* **STORED DATA**:
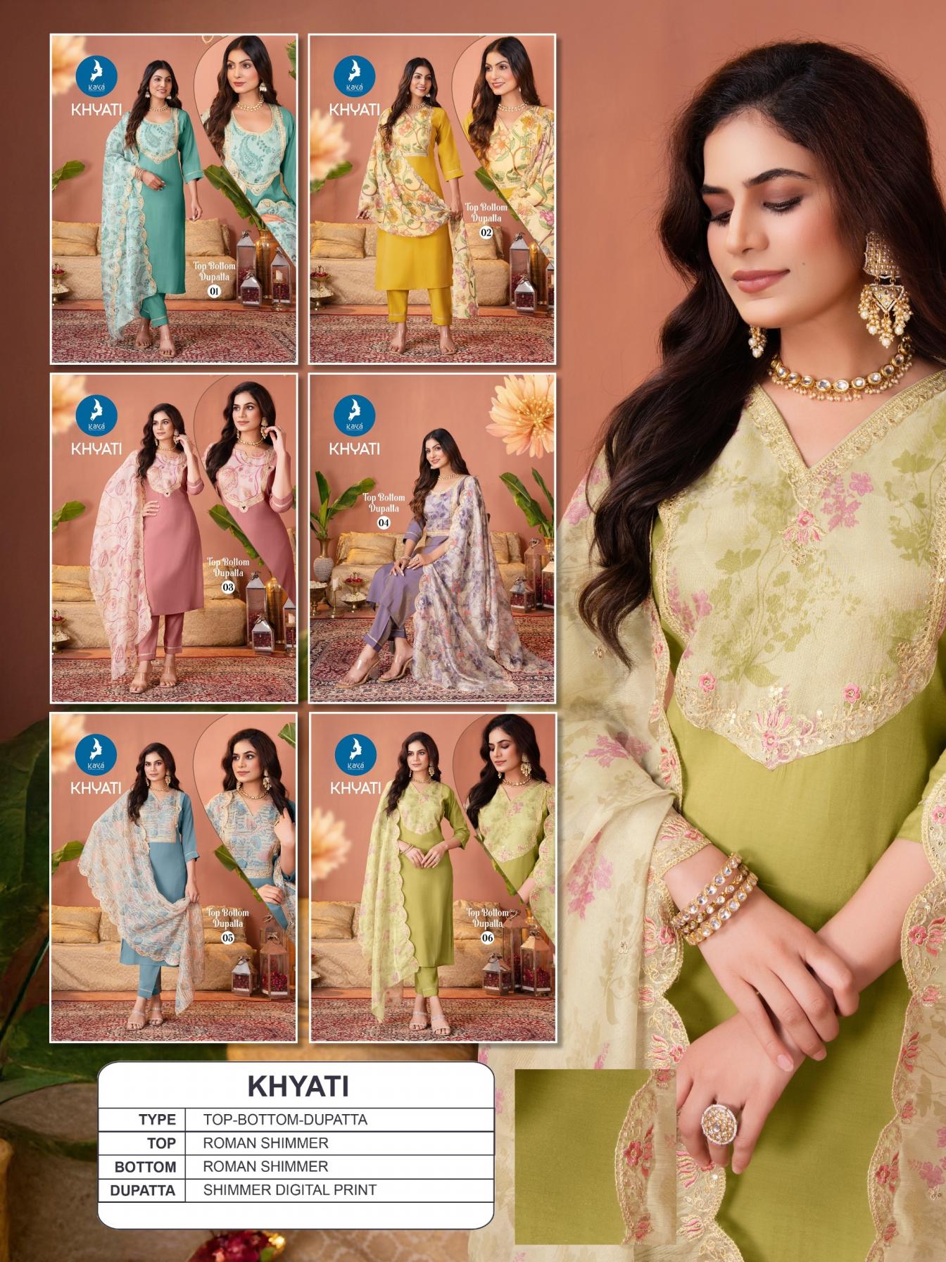 Looking for KAYA KHYATI READYMADE ROMAN SHIMMER BIG SIZE SALWAR KAMEEZ SET Full Catalouge at Best Price? Buy Now KAYA KHYATI READYMADE ROMAN SHIMMER BIG SIZE SALWAR KAMEEZ SET at Wholesale Rate of Rs 5970 with Total 6 Pcs from authroized dealer and supplier of Kaya Brand. Cost of Each piece is just only Rs 995 which is very low and affordable price to resale the product in your retail store. rrgandhi is Surat based Wholesale Supplier & Dealer of Kaya Brand. Click on Brand name to Know more about Brand's products.
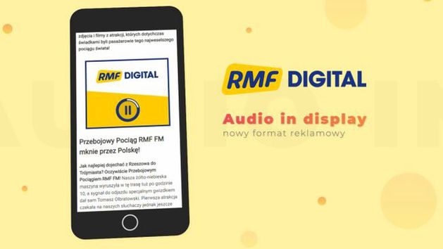 Nowy format pozwala na dodanie dowolnego pliku dźwiękowego do klikanej kreacji graficznej. Dźwięk uruchamiany jest przez użytkownika poprzez naciśnięcie przycisku playera. Dźwiękiem może być spot reklamowy, jingiel, muzyka czy komunikat tekstowy. - Audio in Display to oryginalne rozwiązanie, angażujące użytkowników zarówno obrazem jak i dźwiękiem - ocenia Tomasz Ramza, dyrektor generalny działu sprzedaży Grupy RMF.
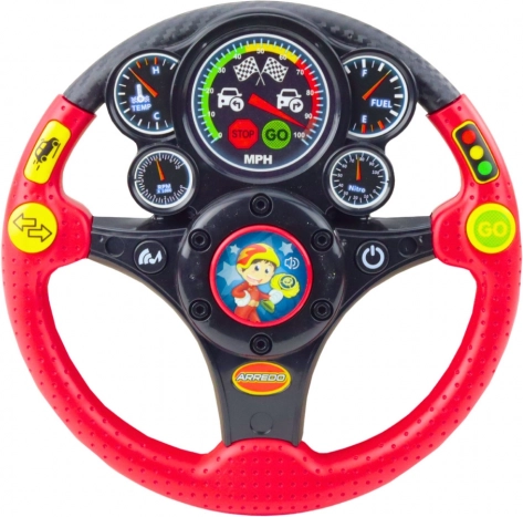 Zahvaljujući funkciji imitacije zvukova trube, pokazivača smjera ili vožnje te pozadinskom osvjetljenju instrumenata, dijete ima mogućnost interaktivne i realistične igre. Volan sadrži 7 funkcijskih tipki, od kojih svaka aktivira različite efekte – od zvukova motora, preko svjetala, do melodija i vibracija. Tipka ON/OFF u obliku paljenja omogućuje djetetu započeti igru kao u pravom automobilu. Osvjetljenje instrumenata i realistične vibracije pojačavaju dojam prisutnosti u kabini automobila. Igračka odlično potiče razvoj osjetila, koordinaciju pokreta i vida te maštu.

* **YOUR GOAL**: Quote the material exactly. Pictures stay out.

* **EXERCISE SOLUTION**:
 Looking for KAYA KHYATI READYMADE ROMAN SHIMMER BIG SIZE SALWAR KAMEEZ SET Full Catalouge at Best Price? Buy Now KAYA KHYATI READYMADE ROMAN SHIMMER BIG SIZE SALWAR KAMEEZ SET at Wholesale Rate of Rs 5970 with Total 6 Pcs from authroized dealer and supplier of Kaya Brand. Cost of Each piece is just only Rs 995 which is very low and affordable price to resale the product in your retail store. rrgandhi is Surat based Wholesale Supplier & Dealer of Kaya Brand. Click on Brand name to Know more about Brand's products.
 Nowy format pozwala na dodanie dowolnego pliku dźwiękowego do klikanej kreacji graficznej. Dźwięk uruchamiany jest przez użytkownika poprzez naciśnięcie przycisku playera. Dźwiękiem może być spot reklamowy, jingiel, muzyka czy komunikat tekstowy. - Audio in Display to oryginalne rozwiązanie, angażujące użytkowników zarówno obrazem jak i dźwiękiem - ocenia Tomasz Ramza, dyrektor generalny działu sprzedaży Grupy RMF.
 Zahvaljujući funkciji imitacije zvukova trube, pokazivača smjera ili vožnje te pozadinskom osvjetljenju instrumenata, dijete ima mogućnost interaktivne i realistične igre. Volan sadrži 7 funkcijskih tipki, od kojih svaka aktivira različite efekte – od zvukova motora, preko svjetala, do melodija i vibracija. Tipka ON/OFF u obliku paljenja omogućuje djetetu započeti igru kao u pravom automobilu. Osvjetljenje instrumenata i realistične vibracije pojačavaju dojam prisutnosti u kabini automobila. Igračka odlično potiče razvoj osjetila, koordinaciju pokreta i vida te maštu.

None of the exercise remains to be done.